The system built on “Soviet approaches” allowed, for instance, all single mothers to receive welfare payments regardless of their income. If you say that we should not give welfare payments to people who already have money, I encourage you to think how much it would cost to manage the regular assessment of the income of all household members and what the risks are that someone who really needs help will not receive it. And in order to imagine this huge amount of income (“threshold”) beyond which you can no longer claim help from the government, you can look at the example of social services where it was planned to introduce a “differentiated” approach to payments, meaning an approach based on evaluating individual or family income, even before the full-scale war. According to this system, citizens whose monthly income exceeds four subsistence wages — which currently means the income of 7,500 – 9,500 UAH (the threshold depends on whether an individual is able to work) — are deemed to be able to afford the full price of social services.
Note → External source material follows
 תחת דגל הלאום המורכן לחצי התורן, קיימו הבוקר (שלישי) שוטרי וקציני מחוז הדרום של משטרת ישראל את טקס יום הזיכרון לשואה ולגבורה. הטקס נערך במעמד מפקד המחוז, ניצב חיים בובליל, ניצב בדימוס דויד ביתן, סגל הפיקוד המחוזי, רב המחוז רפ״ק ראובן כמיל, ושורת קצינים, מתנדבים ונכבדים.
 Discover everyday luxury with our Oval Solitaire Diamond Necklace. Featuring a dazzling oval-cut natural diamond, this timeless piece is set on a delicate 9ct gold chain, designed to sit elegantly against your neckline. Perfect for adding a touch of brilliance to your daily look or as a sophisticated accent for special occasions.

Here is my last observation regarding the Ministry’s proposals. Generally, in some of them, I did not notice any innovations which would specifically tackle problems that have emerged during the war or which would take into account the specific context of postwar rebuilding and postwar society. Essentially these are the same policies in the same political direction taken before the war. Means-tested social benefits, microloans to stimulate self-employment, stimulating employment as a status which does not necessarily ensure a decent standard of living — just so people do not claim unemployment benefits. Their general purpose is to reduce social spending.

A similar aim can also be seen in the action plan for the third area of restoration, decent pension provision: “We propose that it should consist of a minimum guaranteed pension income and accumulative pensions.” Excuse me, but this is what was also proposed before the war. Attempts to implement a pension reform by abandoning the solidary pension system have been made in Ukraine for years. Fortunately, they were never successful. Yes, pension reform might be inevitable, but what should it look like? For instance, the International Labor Organization is the most critical of exactly those multi-pillar pension systems which are based on personal pension savings (that is, systems similar to what is proposed in Ukraine). This pessimism is caused by the fact that these systems “place many risks — macroeconomic, financial and demographic — on individuals and are unable to guarantee the principles of social security.” In our country, however, switching to this model is presented as a part of ensuring social security in a postwar country.
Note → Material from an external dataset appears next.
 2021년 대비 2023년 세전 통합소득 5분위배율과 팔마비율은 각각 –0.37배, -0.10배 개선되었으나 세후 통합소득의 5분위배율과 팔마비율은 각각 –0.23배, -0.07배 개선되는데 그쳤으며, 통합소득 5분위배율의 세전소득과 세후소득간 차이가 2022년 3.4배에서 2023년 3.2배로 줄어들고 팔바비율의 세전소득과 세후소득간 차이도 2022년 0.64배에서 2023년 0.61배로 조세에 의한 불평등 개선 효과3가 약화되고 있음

I want to hope that we are yet to hear proposals from the Ministry regarding social protection measures in the context of postwar restoration which will actually take into account all the problems that war has brought to people and not just repeat the approaches which were proposed in social policies before. In addition, it is necessary that working groups under the National Council include experts with various perspectives, members of non-governmental organizations and trade unions who can offer alternative ideas and views. It is also important to ensure the possibility of a broad and open discussion of restoration policies which would involve the population of Ukraine, who are entitled to make decisions on what social policies in Ukraine after the war should look like.

Finally, I would like to add that despite the importance of developing a complex vision of postwar restoration or restructuring of social protection, some urgent needs require the Ministry’s attention right now. While the discussion of how to stimulate entrepreneurship among the internally displaced after the war is going on, hundreds of IDPs have still not received any help since March.